Pistachios don’t need a post-harvest irrigation, but it is essential to refill the profile during the winter in order to maintain good shoot and yield growth for the following year, according to Sanden. “For single line drip systems at 4 gph per tree on clay soils, a total of 8 to 18 total days of run time may be required, depending on the age and vigor of the trees.”

With a water crisis looming across the state, investing in more efficient irrigation systems could pay huge dividends in the future — even if the up front investment is significant.

“Micro-systems for grapes and trees, especially immature blocks, can save 0.5 foot to 1 foot of water, compared to flood,” Sanden says. “Table grape growers already on drip can't do much; they’re basically pumping water to fill berries. But, establishing a new vineyard with drip will save as much as 1.5 feet of water.”

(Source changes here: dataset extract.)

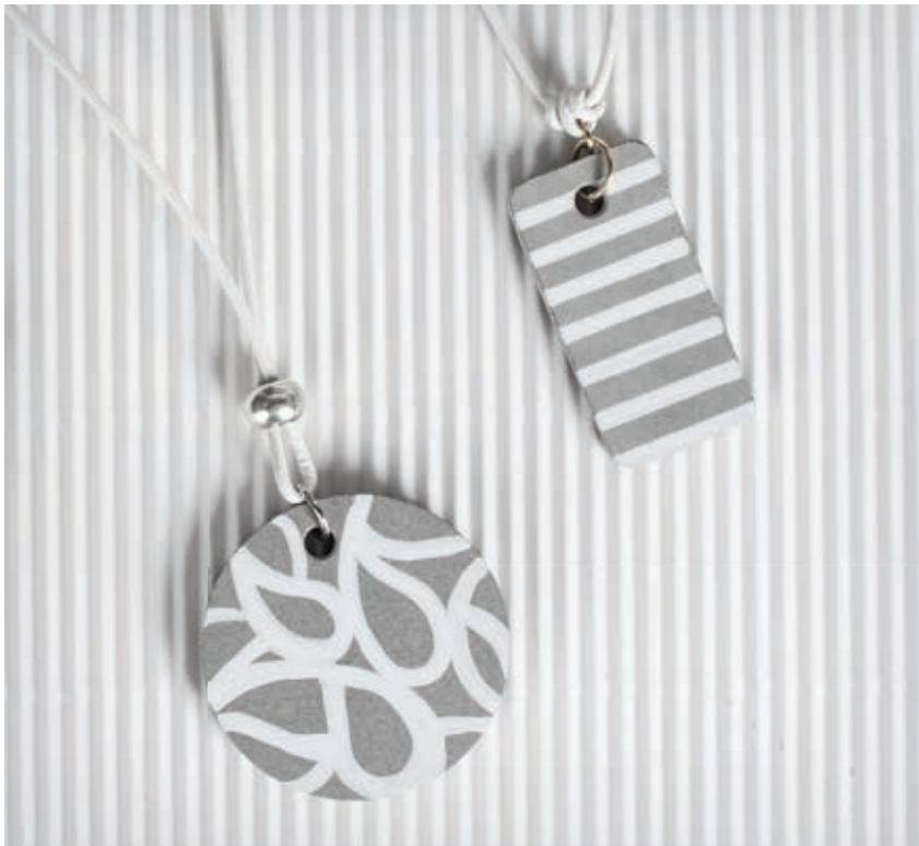
Réf. 8301801 + 35007576 ↓

For existing winegrape vineyards, there’s not much wiggle room left, according to Larry Williams, plant physiologist at UC’s Kearney Ag Center.

“Growers are already pushing the envelope on deficit irrigation, for the most part,” he says. “It’s fairly well established that we can irrigate at 80 percent of ET without reducing yields. In some cases, growers might be able to go a little lower than that — maybe down to 75 percent of ET.”

Next year’s irrigation management strategy will of course depend largely on what happens this winter.

“If we get enough winter moisture to fill the soil profile, growers can irrigate less and get away with it,” Williams says. “If there is one place where I feel growers might be able to save on irrigation, it’s the period between bud break and bloom. The vines only need about 12 percent of the season’s entire water requirements during that time, but growers tend to over-irrigate during that period.”

On the North Coast, growers are generally blessed with more dependable water supplies and cooler temperatures during the summer to relieve some of the pressure. But, water is still a major concern, which could get much more critical if adequate rainfall does not refill holding ponds, which were short this year.

“Growers are really thinking about irrigation,” says Nick Frey, president of the Sonoma County Winegrape Commission. “I think we’ll see a lot more post-harvest irrigation applied with drip rather than sprinklers.”